The researchers actually did alter just one gene, called _pollux,_ to get these results, though the alteration was far from simple.  But whether it was one gene or a thousand, my point about the fallacy of conversion is valid: If it's true that P causes Q, it doesn't follow that Q resulted from P -- because Q might have come about from something entirely non-P. Radiation therapy makes the hair fall out. But baldness isn't proof that the person has undergone radiation therapy.

Scientific debates about genetics and homosexuality rage on and, like debates about global warming, have become entangled with political goals and motives.


----------



## ejrosetta (Jul 7, 2014)

My twin sister and I are both gay. This is an interesting (and will one day become timeless) debate that no one will ever win. I think it's more nature/nurture. Our mother found our being gay fashionable and interesting, whereas if we'd had more "traditional" parents then perhaps it would have been suppressed. 

I've yet to meet someone who hasn't admitted to having a few homosexual thoughts. It's just that society's pressure to be straight is something most people choose to confirm to, whereas I choose to be happy and follow my heart. 
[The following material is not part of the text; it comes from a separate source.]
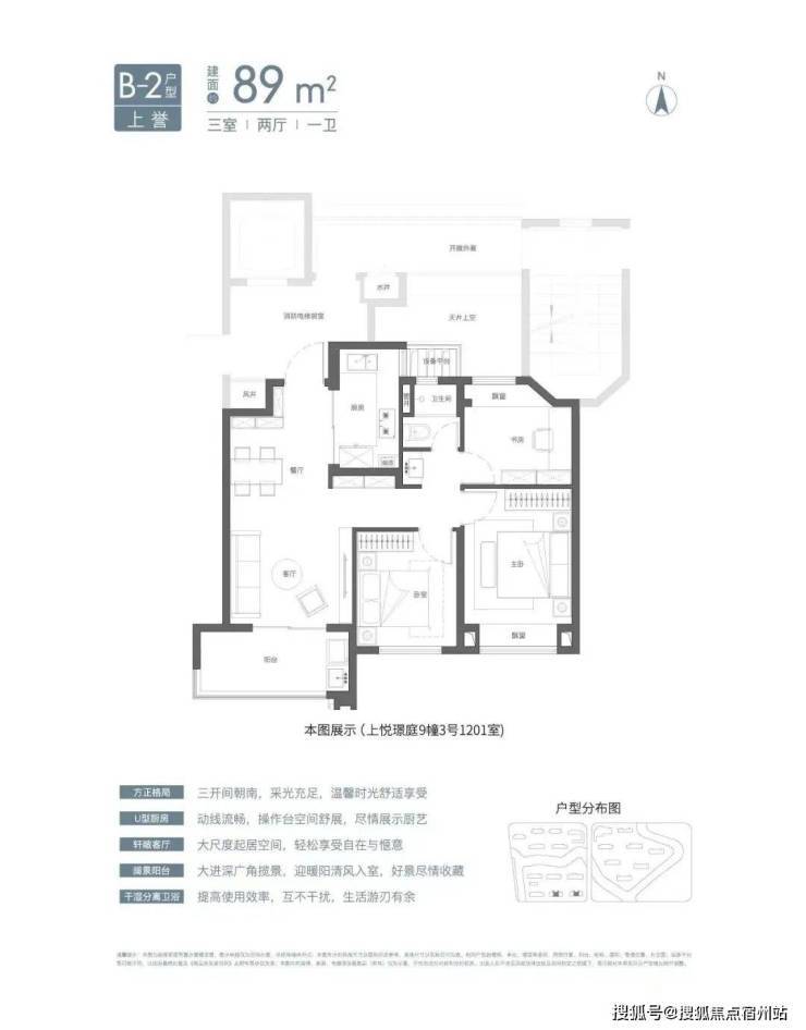 建面约105㎡3房2卫有两种风格(宽厅、竖厅),尤其是宽厅户型,设计格外惊艳。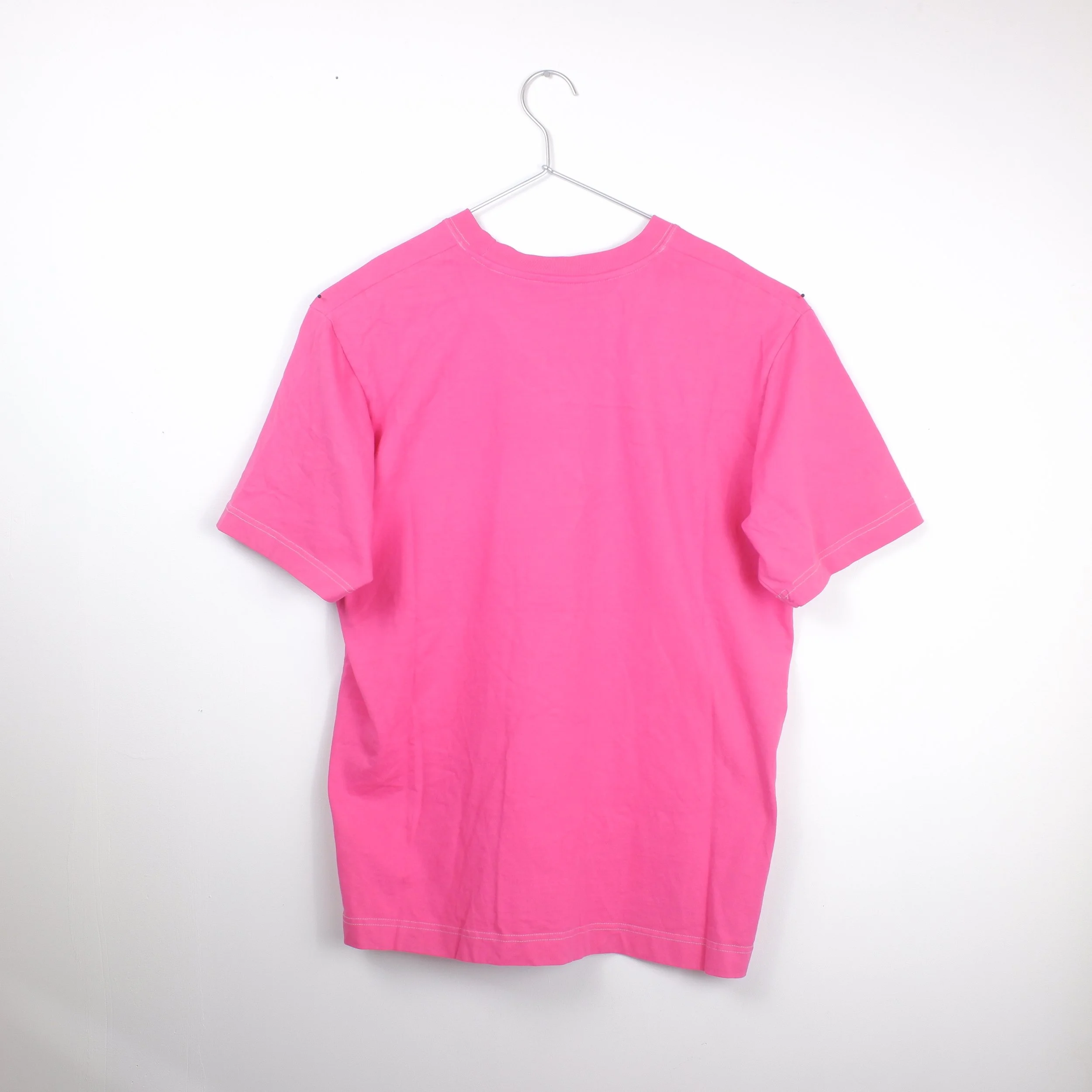 Garment dyed tee in organic cotton, with washable heat-pressed ’sticker’ Working branding at the chest. The dyes react to the cotton fabric only, leaving the synthetic sewing threads undyed,

So yes, I think there's a GAY gene, it's just that everyone has it, including you. It's just a case of whether you're open minded enough to explore it or if you meet the right person who brings it out.


----------



## ejrosetta (Jul 7, 2014)

Also, an excellent article by the way. I tip my very-gay hat to you.


----------



## Blade (Jul 7, 2014)

ejrosetta said:


> I've yet to meet someone who hasn't admitted to having a few homosexual thoughts. It's just that society's pressure to be straight is something most people choose to confirm to, whereas I choose to be happy and follow my heart.
> 
> So yes, I think there's a GAY gene, it's just that everyone has it, including you. It's just a case of whether you're open minded enough to explore it or if you meet the right person who brings it out.
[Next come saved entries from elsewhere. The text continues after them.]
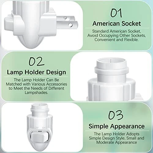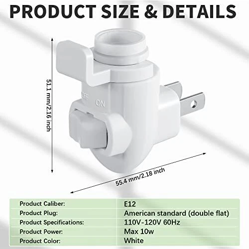 Return Policy Fast Delivery Trusted seller 50 Sets Plug in Night Light Module White Night Light Base with Shade Mounting Clip Plastic Lights Rotating Night Light Base for Making Your Own Decorative Night Lights Product Description Sufficient combination: you will receive 50 sets of night light bases with night light clips, total 100 pieces, sufficient to meet your need for replacement and repair Easy to install: the night light base is simple to install the incandescent light bulb or LED night light on it, and paste the light shade on the mounting clip, and then clip onto the plug in base Firm and reliable: the light socket base is made of quality plastic material, lightweight and solid, not easy to break; The night light rotating base is applicable for 110-120 V AC power, and can be connected to a maximum of 10 watt bulb, which can adapt to most home decorative lights Not occupying other sockets: measuring about 55.4 x 51.1 mm/ 2.18 x 2.01 inches, the rotating light base is compact to take up no space, convenient and flexible Widely applied: each night light rotating base with a night light clip is suitable for bedside lamp, little night lamp, decorative light, LED wall light, night light with sensor and so on; The white color can nicely blend into your walls and different styles of home Shipping Returns Payment Shipping Shipping is FREE to all addresses other than APO/PO boxes in the lower 48 states. All our stock ships from US-based warehouses. Shipped via USPS or UPS (depending on location and package weight) Unless stated otherwise, all orders will ship within 24-72 hours of your payment being processed. Check our feedback to see the great reviews of FAST shipping we offer. Returns Seller does not accept returns Payment We currently accept payment via eBay managed payments only. Once payment is cleared, we will dispatch your shipment within 1-3 business days. Please refer to the "Shipping" tab for more information regarding shipping speed to your destination.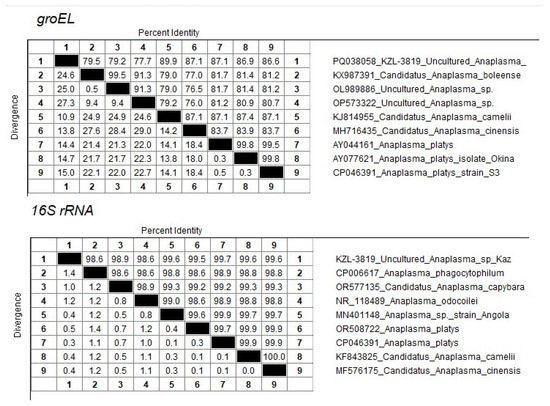 - Caudill, M.T.; Brayton, K.A. The Use and Limitations of the 16S rRNA Sequence for Species Classification of Anaplasma Samples. Microorganisms 2022, 10, 605. [Google Scholar] [CrossRef]
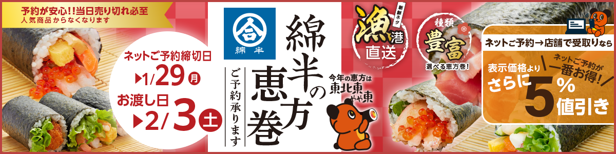 899円(税込970円) ▲この商品のご予約はこちら鮮魚寿司 8種の海鮮恵方巻 ハーフ6まぐろ・まぐろたたき・たい・サーモン・穴子・いか・たまご・えび・大葉・ねぎ -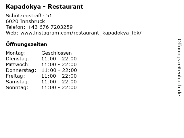 | Öffnungszeiten Kapadokya - Restaurant in Innsbruck anzeigen | |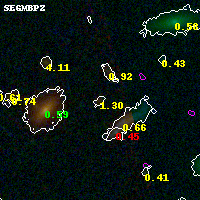 Black segments are analyzed here. Roll mouse over color images to view segments. Best viewed in a wide browser window (1200 pixels or more). Download SED & P(z) plots to view larger versions.

I think it is generally a 'go with the flow' with most people. I would figure that a person who was 95% straight would naturally stick with that and ignore or suppress contradictory impulses given that including the other 5% would result in extensive and probably futile complications. If the case were 50/50 that would be an entirely different thing.:fatigue:


----------



## David K. Thomasson (Jul 7, 2014)

ejrosetta said:


> My twin sister and I are both gay. This is an interesting (and will one day become timeless) debate that no one will ever win. I think it's more nature/nurture. Our mother found our being gay fashionable and interesting, whereas if we'd had more "traditional" parents then perhaps it would have been suppressed.
> 
> I've yet to meet someone who hasn't admitted to having a few homosexual thoughts. It's just that society's pressure to be straight is something most people choose to confirm to, whereas I choose to be happy and follow my heart.
> 
> So yes, I think there's a GAY gene, it's just that everyone has it, including you. It's just a case of whether you're open minded enough to explore it or if you meet the right person who brings it out.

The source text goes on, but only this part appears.